For folks that are out of the loop, the post looks something like “24/4*3: 80% of people get this wrong!” and the arguments in comments are between people who do this the way most computers do (multiplication and division have the same priority and the leftmost one goes first, so you first calculate 24/4 to get 6 then multiply by 3 to get 18) versus the way that the acronym literally says to do it, (multiplication comes before division in the acronym so you first multiply 3x4 to get 12, then divide 24/12=2).
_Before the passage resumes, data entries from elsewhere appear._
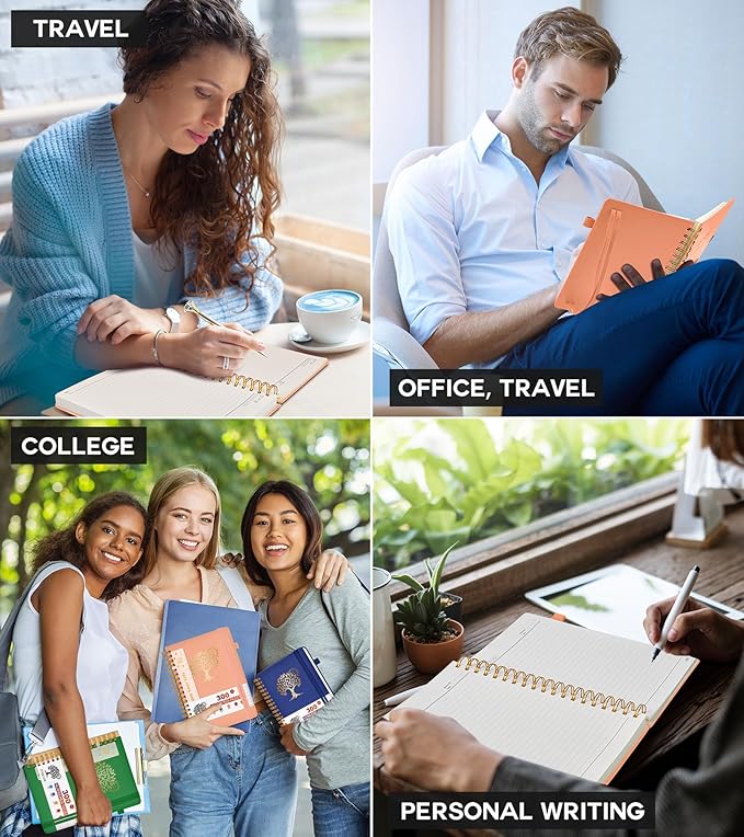 - 【Easy Tear-off Design & Thick Paper Quality】The spiral bound notebook pages are Easy to tear-off, ideal for sharing notes or removing pages without hassle. The thick paper minimizes ink bleed-through, ensuring clarity and legibility in your notes. Whether you're using it as a daily journal, travel journal, or journaling notebooks, this lined notebook offers a smooth writing experience. As a wide ruled notebook, it's perfect for thorough note-taking.
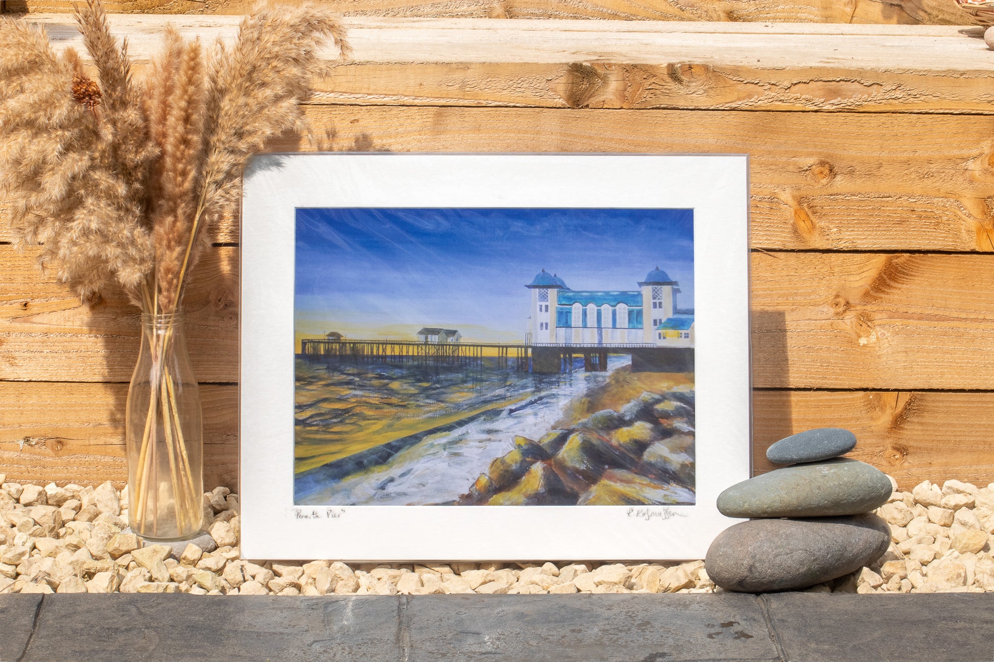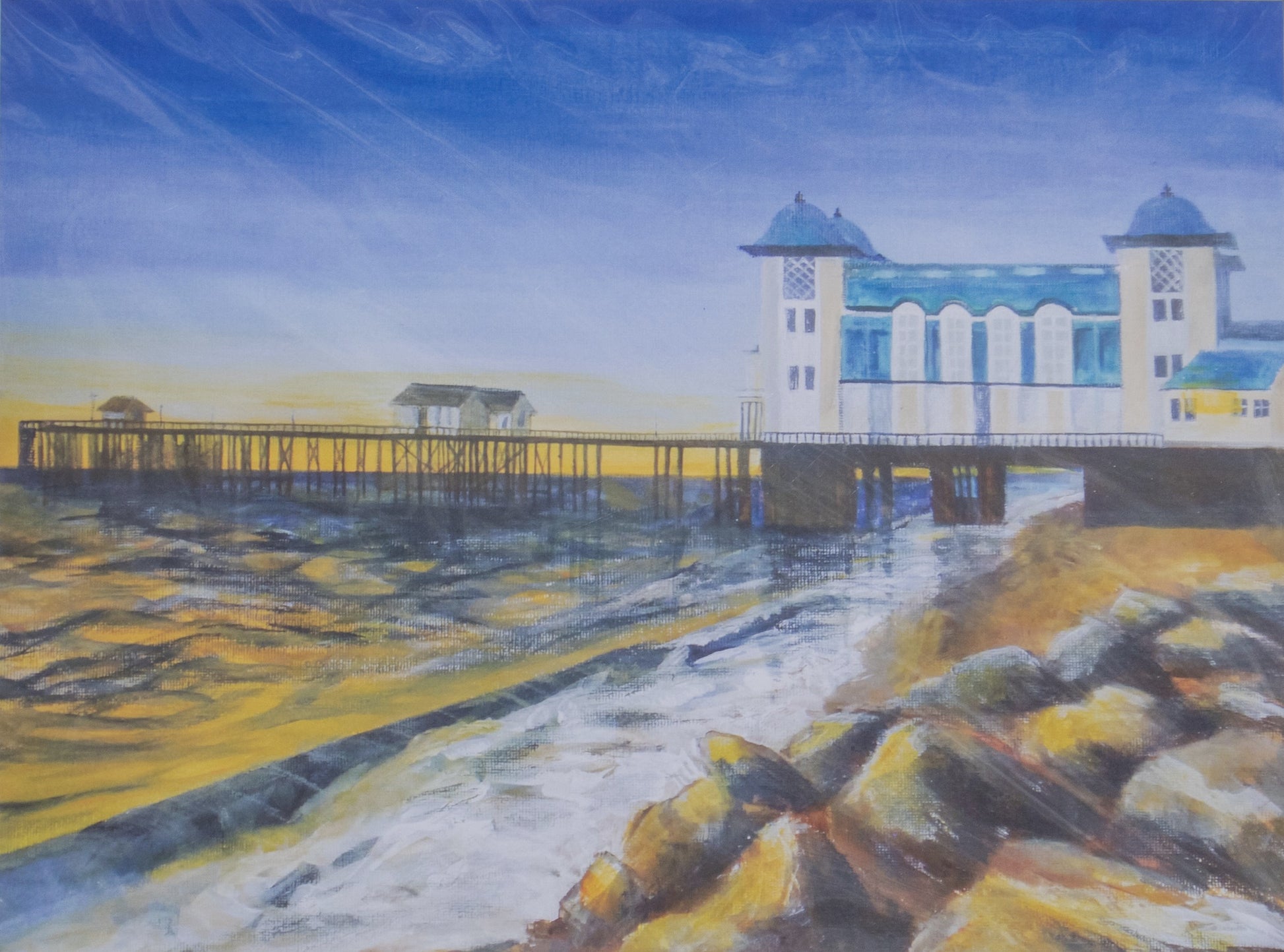 "Penarth Pier created using a photo reference. I particularly enjoyed painting the oranges through the sea to reflect the skyline."
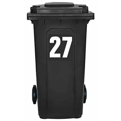 Pack of 4 White Wheelie Bin Number 27 Stickers (17 cm) Vinyl Labels Packwith® #PBN10-27
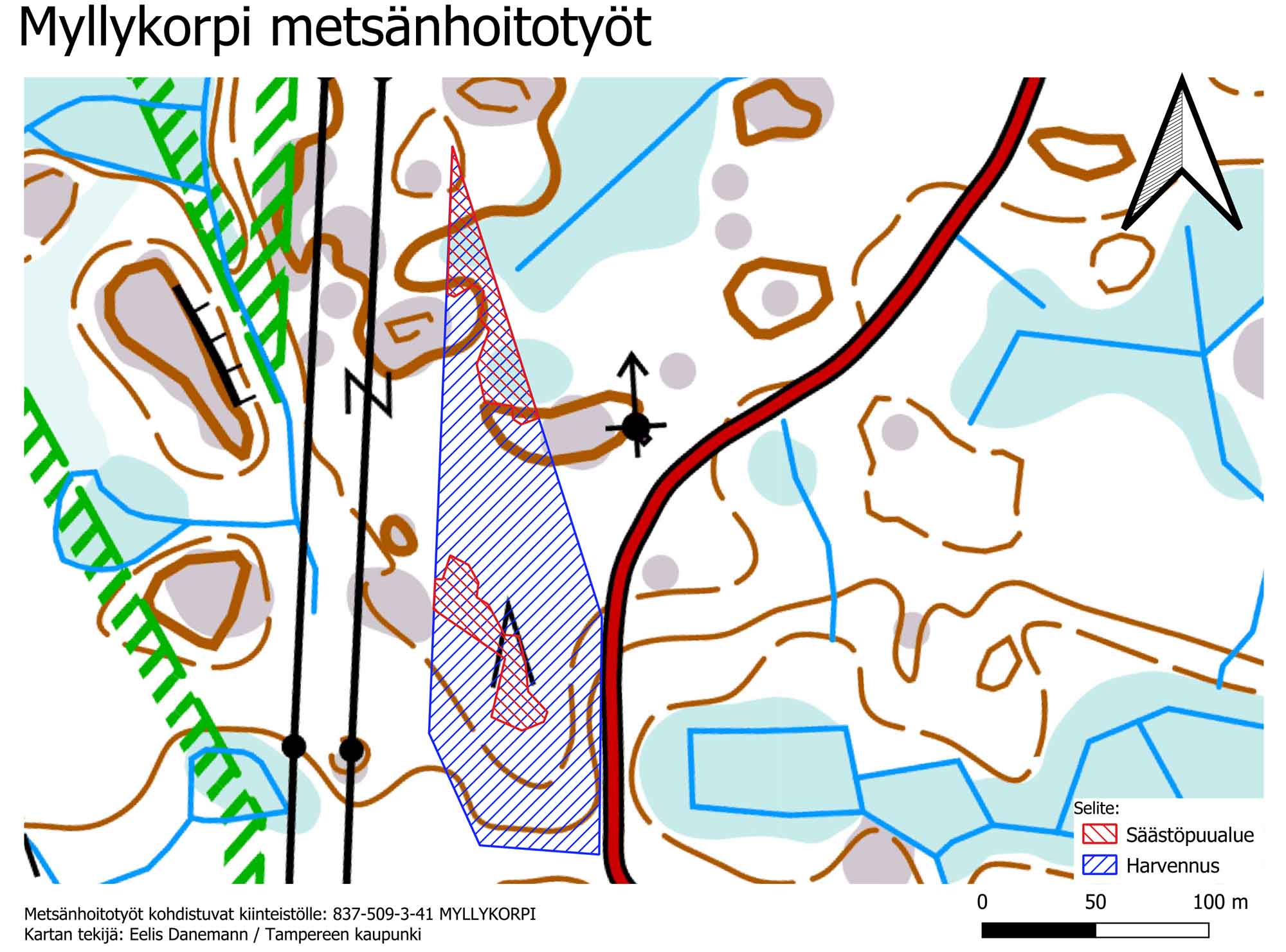 Myllykorvessa, Pulesjärventien pohjoispuolella tehdään metsänharvennusta. Kohde on pinta-alaltaan 1,1 hehtaaria. Alueella kasvaa varttunutta mäntyvaltaista sekametsää.
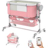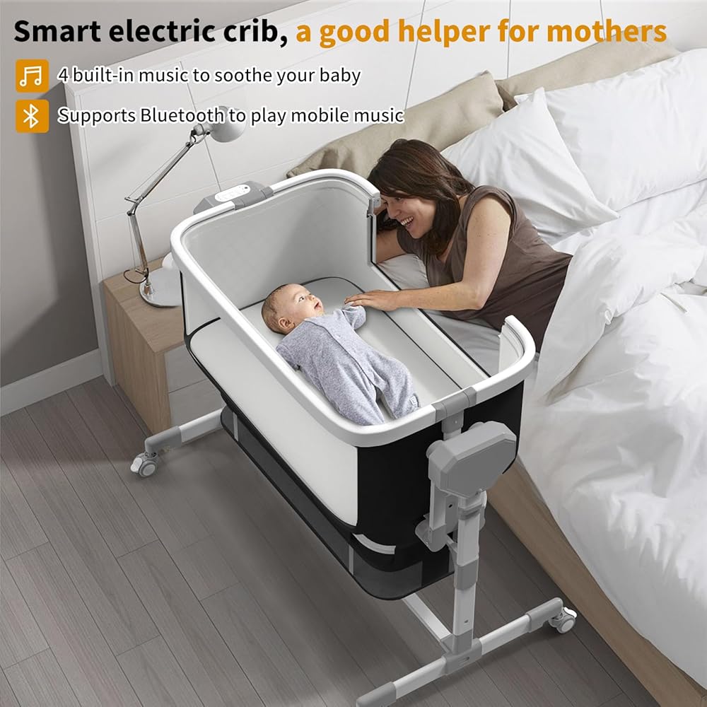 Rocking Bassinet for Baby, Electric Bassinet Automatic 5 Rocking Motion Bassinet Bedside Sleeper for Newborn, Auto Rolling Baby Cradle 6 Height Adjustable with 4 Lullabies, Wheels, Storage
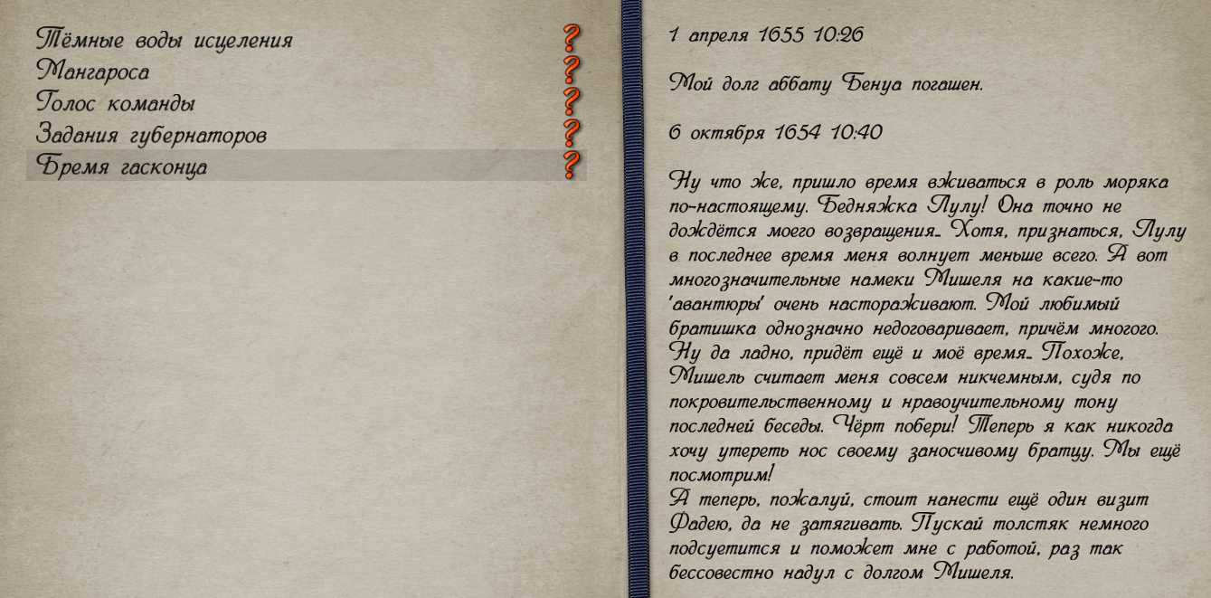 | Всем привет, начал проходить игру пару дней назад, прошел пролог и начальные квесты на мартинике, поговорил с братом финальный раз (там где он говорит что фадей подсунул мусорную дагу и говорит чтоб я вернулся к нему с просьбой о работе) - так вот после этого я как то отвлекся в целом на совершенно другие квесты и фри-плей, вспомнил о том что в квесте надо было зайти к фадею только через пару месяцев игрового времени, но как я понял уже слишком поздно - к сообщению прикрепляю скриншот чтоб вы видели точно на каком этапе сюжетном в "бремени гасконца" я нахожусь, так вот вопрос - я заруинил себе сюжетку полностью? а то я уже выполнил половину всех важных квестов, взял 7 ранг и вообще как то не хочется заново начинать из за этого. Я не против потерять какие то награды за квесты, но я просто хочу быть уверен что я смогу начать голландский гамбит позже когда буду готов, это же еще возможно?
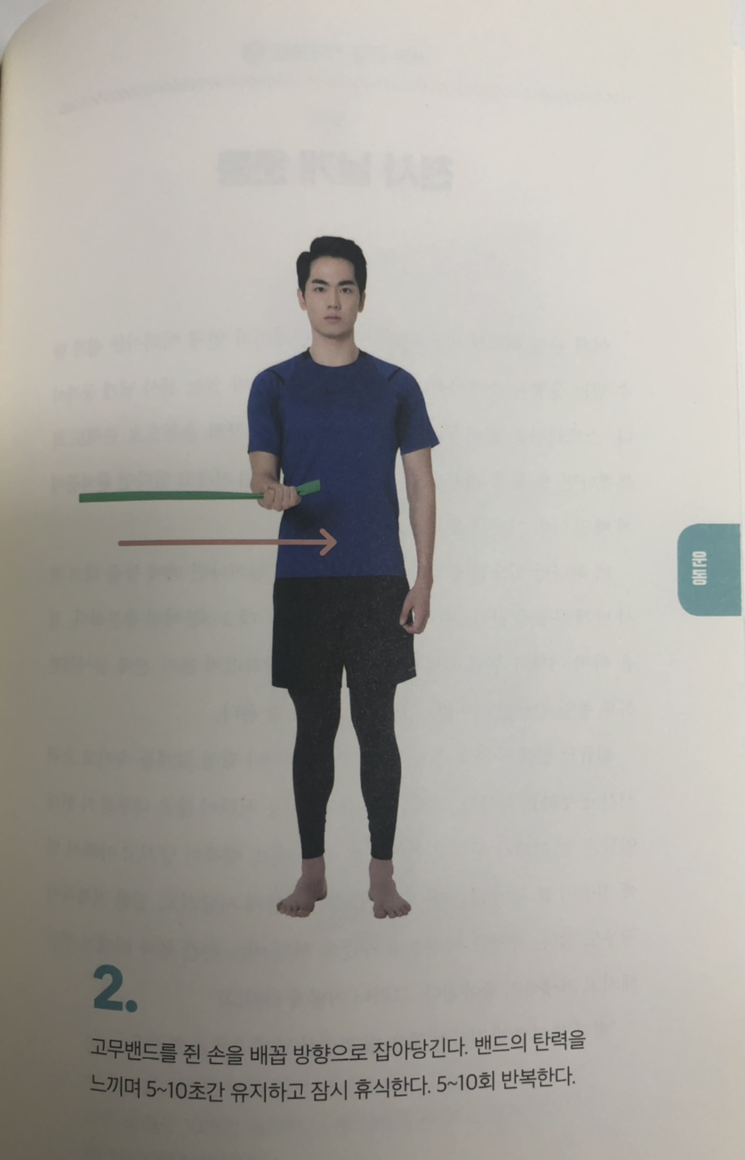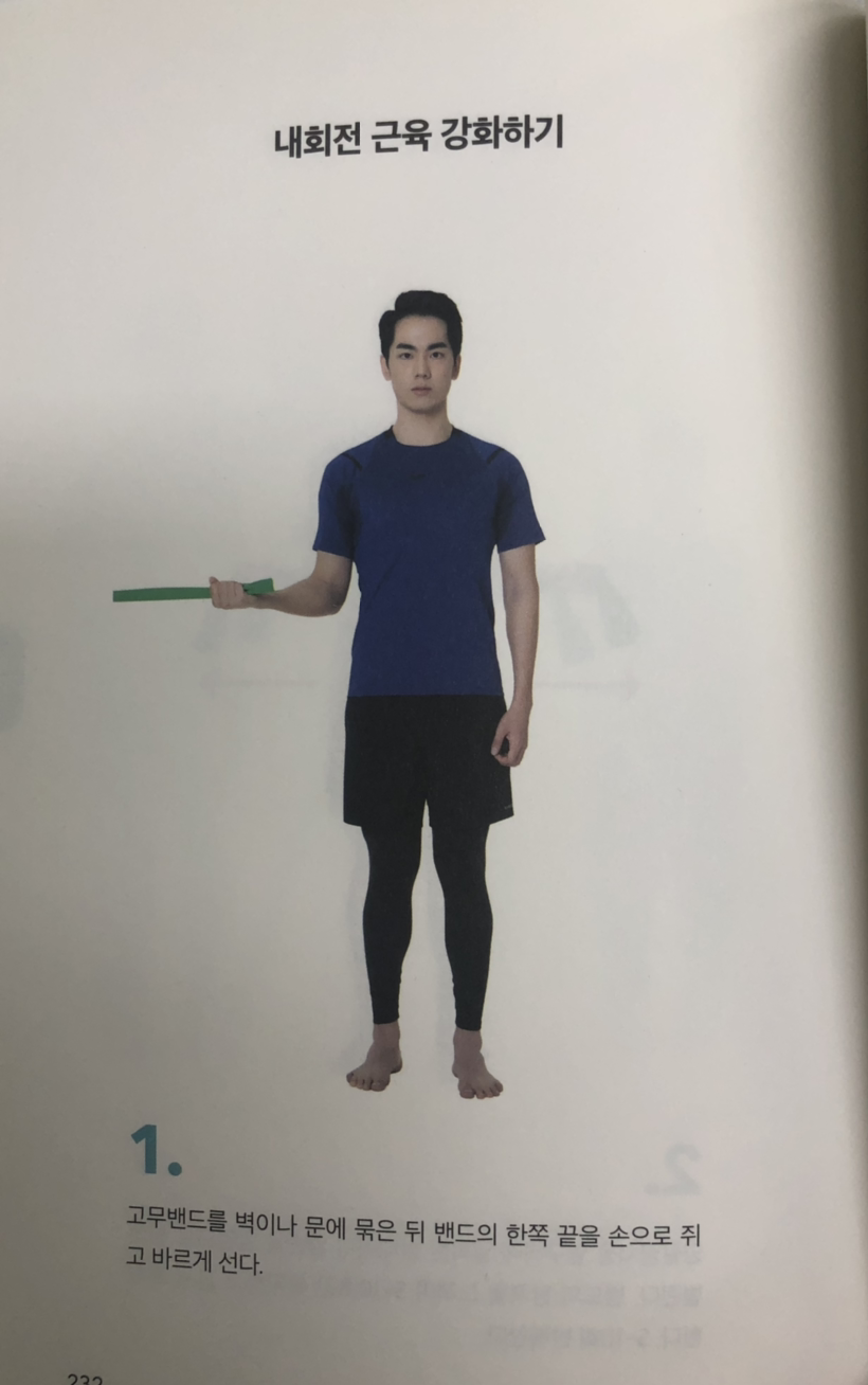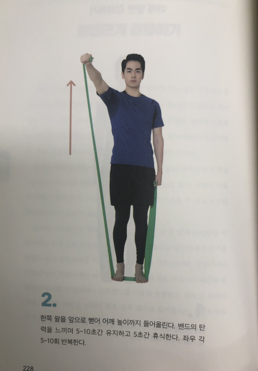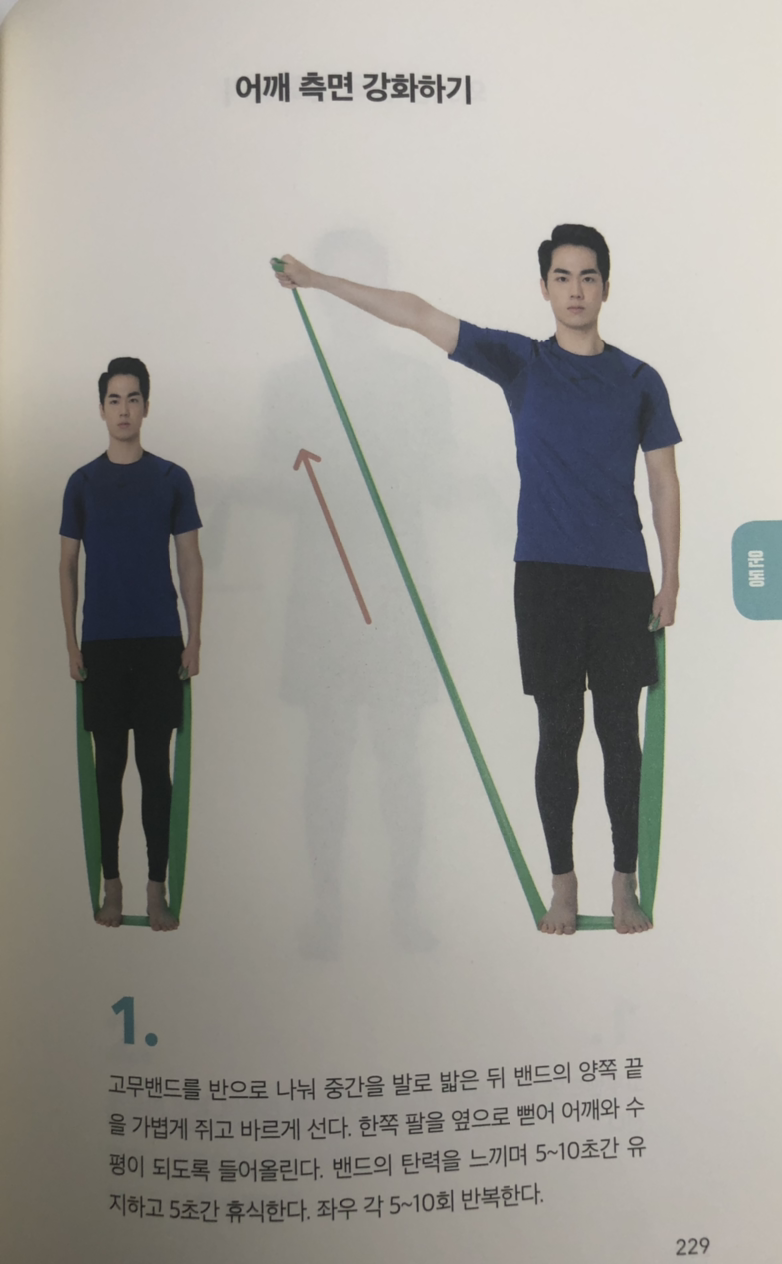 올바른 스트레칭을 통해 예전처럼 팔을 움직일 수 있게 되었다면 이제부터는 근육 강화 운동을 시작해야 한다. 그렇다고 헬스장에서 무거운 덤벨을 들고 울룩불룩한 어깨 근육을 만들라는 것은 아니다. 극상근이나 극하근 같은 회전근개는 어깨 깊은 곳에 위치한 작은 근육이기 때문에 덤벨이나 무거운 바벨보다는 고무밴드를 이용해 운동하는 것이 더 효과적이다. 가벼운 저항을 느끼며 팔을 앞과 옆으로 들어 올리는 것만으로도 어깨 깊숙한 회전근개를 단련할 수 있다.
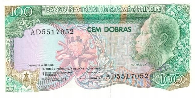 Держава та Unine Docras 100 Dobras Material Paper розміром 135 х 67 мм Каталог P-60 Різний рік 1989 р.

Part of the reason that it generates so much animosity is that we condition people to think of math as always having a right answer, it is the Fount of Objective Truth. The idea that math is sublimely subjective, is indeed an artistic medium, does not seem to be well-appreciated and is often not even acknowledged. This is usually chalked up to the fact that math has “rules,” which is a very strange sentiment because the points in a sports game also follow “rules” of a similar sort but we usually don't regard those as either objective or subjective, they exist in a murky third world where we do not ask those questions...


It's not even that. It will usually be something like "7 + 3 * 2" and you will see a huge stream of "20" in the comments.


> > some PEDMAS quirk

> multiplication comes before division in the acronym

Yeah, well, it seems that depends on how you write the acronym...


The poster gains by getting a large amount of interaction with their page, which is certainly a ranking factor for future posts. e.g. SocialMediaCompany will say "This new post by Poster will get higher placement because their previous posts were enjoyed (interacted with) by many people, and therefore Poster must be producing good content."